Siberimania!

Russian Blog (Photo) The Financial Times has come out with a plethora of great articles about Siberia today:

1. Industrial giants tap into frozen wealth

Here are concentrated the bulk of Russia’s reserves – 85 per cent of its natural gas, 80 per cent of its oil and coal, plus gold, platinum, nickel, diamonds, silver and other metals, and timber. As Alexander Khloponin, governor of Siberia’s Krasnoyarsk region – four times the size of France – jokes: “We’ve got rich reserves of just about the whole periodic table.”

2. Crowning of the undisputed frontier king

Rosneft was an active player in east Siberia before the auction. But, says Valery Nesterov, an oil analyst at Troika Dialog, the acquisition of Lot Ten “established the state company as the undisputed king of Russia’s last oil frontier”. Yukos’s remote east Siberian projects looked speculative when the company began investing in the late 1990s. Little exploration had been undertaken, oil prices were low and there was no pipeline to export markets. In business terms, Yukos’s smart move was to hook energy hungry China to east Siberian oil delivered by railway from its Angarsk refinery. Mikhail Khodorkovsky, the former chief executive of Yukos, who heard about the sale in an east Siberian jail where he is serving a 10-year jail sentence for fraud and tax evasion, negotiated a 25-year oil supply deal with the Chinese coupled with joint plans to build a pipeline linking east Siberia with Daqing, in northern China.

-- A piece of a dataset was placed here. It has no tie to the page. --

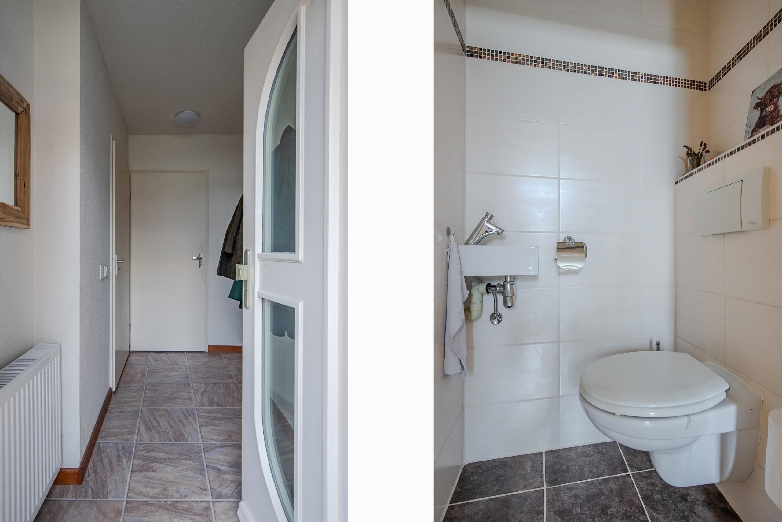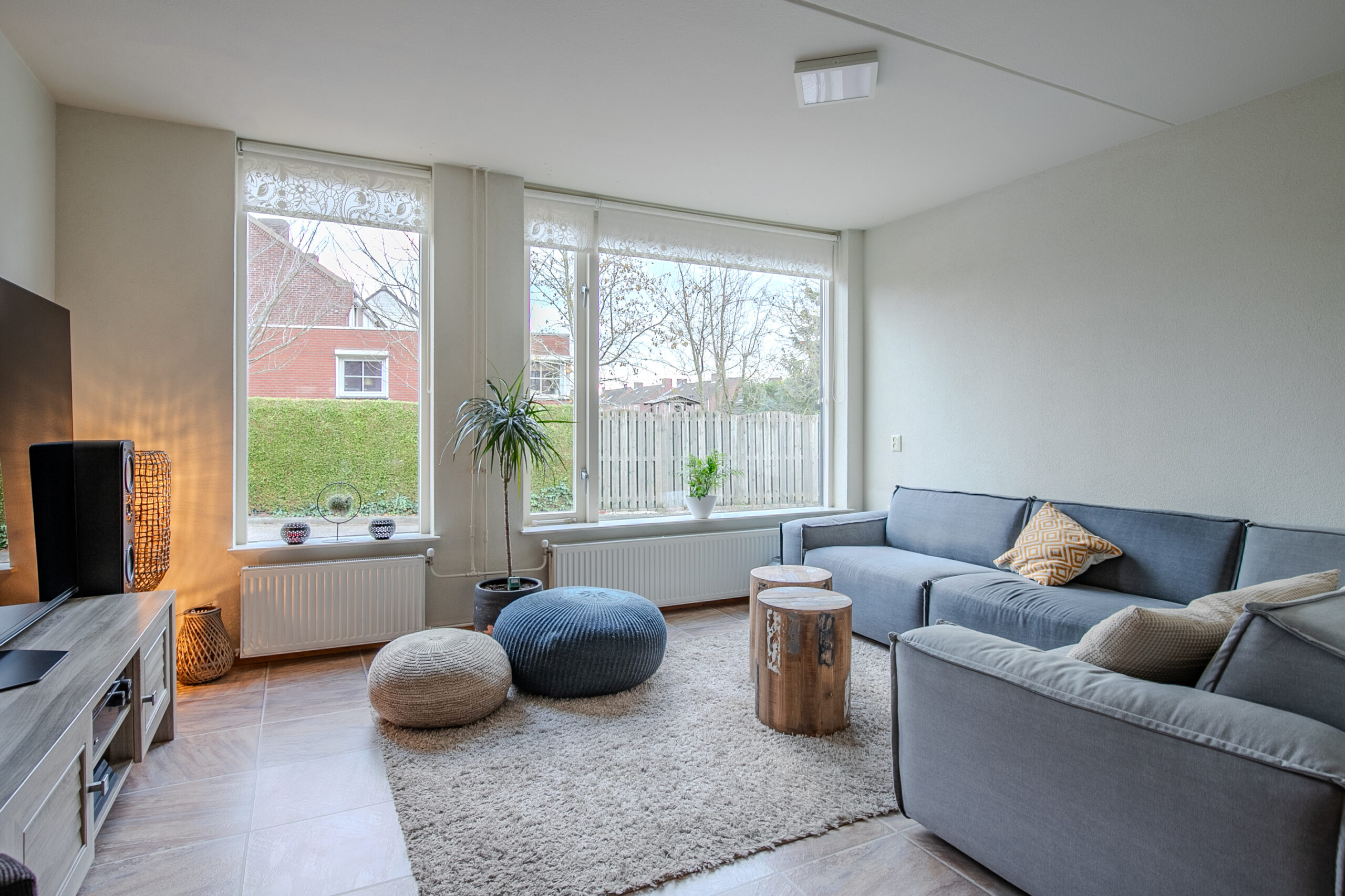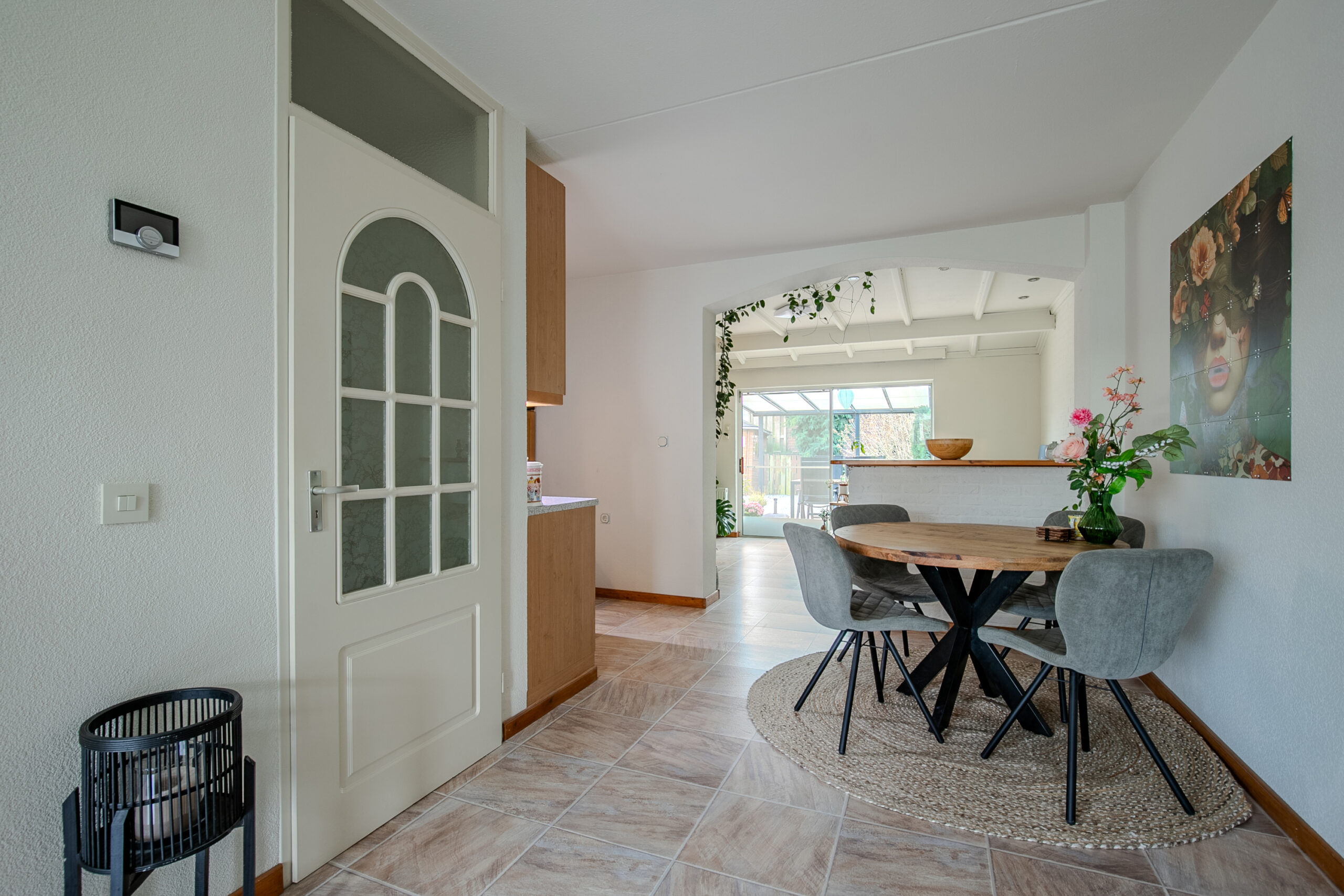 Entree/hal voorzien van een laminaatvloer met trapopgang, meterkast en toegang tot de woonkamer, garage en toilet. Betegelde toiletruimte met zwevend closet en fonteintje. Ruime L-vormige woonkamer (circa 27 m2) welke is voorzien van eenzelfde laminaatvloer. Door de grote ramen is er prettig lichtinval. Verder is er een praktische trapkast aanwezig. Aan de achterzijde is de keuken gelegen, deze is half open en geplaatst in een hoekopstelling met de volgende installaties: combi-magnetron, koelkast, vaatwasser, spoelbak, afzuiging, 4-pits gaskookplaat en diverse opbergkasten en lades. Achter de keuken is een aanbouw gerealiseerd (circa 16 m2) waardoor er een fijne extra leefruimte aanwezig is, ideaal als bijvoorbeeld eetkamer. Door de aanwezigheid van een schuifpui is er prettig tuincontact en tevens lichtinval. De totale woonoppervlakte van de woonkamer, keuken en aanbouw bedraagt circa 48 m2. De garage (circa 20 m2) is inpandig bereikbaar en voorzien van een tegelvloer, elektrische sectionaalpoort, verwarming en middels een vlizotrap is er toegang tot een bergzolder (circa 9 m2). Ook is er een aparte berging (9 m2) aanwezig met aansluitpunten voor het witgoed en toegang tot de achtertuin.

3. Corporate governance is ticket to the international stage

The desire to go public is forcing Russian mining companies to address issues of transparency and corporate governance. Polyus and Polymetal now regularly report their earnings and prepare their accounts according to international standards. But some commentators say there is still much to do, such as having independent directors on company boards and improving the transparency of related-party transactions. Alex Gorbansky, managing director at Frontier Strategy Group, a political risk consultancy, says: “A lot of these companies have improved the optics of their corporate governance to enable themselves to be listed in London and New York. They are making progress, but they are still many steps behind western companies. As they get more investment from the west, there will be more incentives to improve transparency.”

4. The challenge is exploiting a gift to minimise a curse

Experts have discussed for years whether Siberia is a curse or a blessing for Russia. It seems a little of both. The challenge is making the best use of the gift – and minimising the negative effects of the curse.

5. Rusal plans to invest $5bn

Now that the integration of Rusal and Sual is mostly complete, UC Rusal is pushing ahead with an ambitious programme of building new smelters and expanding existing operations, most of them in Siberia. By2010, the group aims to produce 5.5m tonnes of aluminium ayear, an increase of almost 40 per cent. Alexander Bulygin, chief executive of UC Rusal, says his group is spending $5bn over the next five years on its Siberian smelters, and plans to invest even more in new smelter projects in Russia’s far east.

6. Hopes of wealth flow from ‘risky’ pipeline

Transneft, the Russian state oil pipeline monopoly, launched construction last year of a 4,000km pipeline across the remote wastes of east Siberia that will open a direct highway for Russian oil exporters to the growing energy markets of the Asia-Pacific. The grandiose pipeline project forms a cornerstone of the Kremlin’s plans to establish Russia as an energy superpower trading oil in all corners of the globe. Western analysts say the pipeline project is an economic gamble. Key questions remain unanswered. No one knows if enough oil will be found in east Siberia to justify building a multi-billion dollar export pipeline whose full cost has not been quantified. Michael Bradshaw, professor of geography at the University of Leicester in the UK and an expert on the Russian far east, says: “This is a classic state project where geopolitics and prestige take precedence over economics. The hard-nosed questions that the private sector might pose are being ignored.”